Taiwanese paleontologists have discovered fossil evidence that pythons up to 4m long inhabited Taiwan during the Pleistocene epoch, reporting their findings in the international scientific journal Historical Biology.
National Taiwan University (NTU) Institute of Ecology and Evolutionary Biology associate professor Tsai Cheng-hsiu (蔡政修) led the team that discovered the largest snake fossil ever found in Taiwan.
A single trunk vertebra was discovered in Tainan at the Chiting Formation, dated to between 800,000 to 400,000 years ago in the Middle Pleistocene, the paper said.
Photo courtesy of Tsai Cheng-hsiu
The area also produced Taiwan’s first avian fossil, as well as crocodile, mammoth, sabre-toothed cat and rhinoceros fossils, it said.
Discoveries of apex predator fossils suggest the presence of a “fairly complex, well-established and stable ecosystem” during the Middle Pleistocene in Taiwan, it added.
No members of the Python genus inhabit the main island today, with the Burmese python in Kinmen County the closest extant population, it said.
The largest snakes on the Taiwanese mainland today are the king ratsnake and the oriental ratsnake, neither of which exceeds 3m in length.
As Taiwan has no living crocodile species, these snakes are also the nation’s largest reptiles.
Tsai’s research previously described a giant crocodile measuring up to 7m long, which also lived during the Pleistocene era alongside the large pythons.
The python fossil was donated to Tsai by private collector L.R. Hou (侯立仁) for research at the NTU laboratory of evolution and diversity of fossil vertebrates.
Tsai returned to Taiwan in 2018 to establish the lab and became the first Taiwanese to discover dinosaur fossils, finding the first Pleistocene-era bird specimen in 2021.

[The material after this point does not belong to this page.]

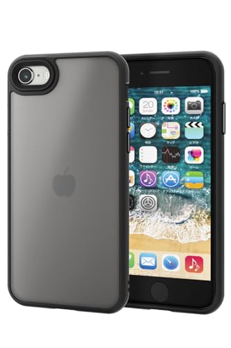 エレコムのiPhone SE(第2世代/第3世代)/8/7用ハイブリッドケース。耐衝撃で米軍MIL規格適合、半透明マット仕上げ。ストラップホール付き、カメラ保護設計、ワイヤレス充電対応、指紋防止機能。

The paper, “An Unexpected Snake Fossil,” was published in Historical Biology in January.
It was coauthored by PhD candidates Liao Yi-lu (廖翊如) and Cho Yi-yang (卓義揚), plus additional coauthors Sun Cheng-han (孫正涵) and Deep Shubhra Biswas from India.
The paper suggests that the modern ecosystem of Taiwan, which is devoid of top predators, may have yet to recover from the Pleistocene extinction event.
It also supports his hypothesis that large-scale extinction events occurred across island ecosystems worldwide, Tsai said, adding that local extinction events in Taiwan require further research.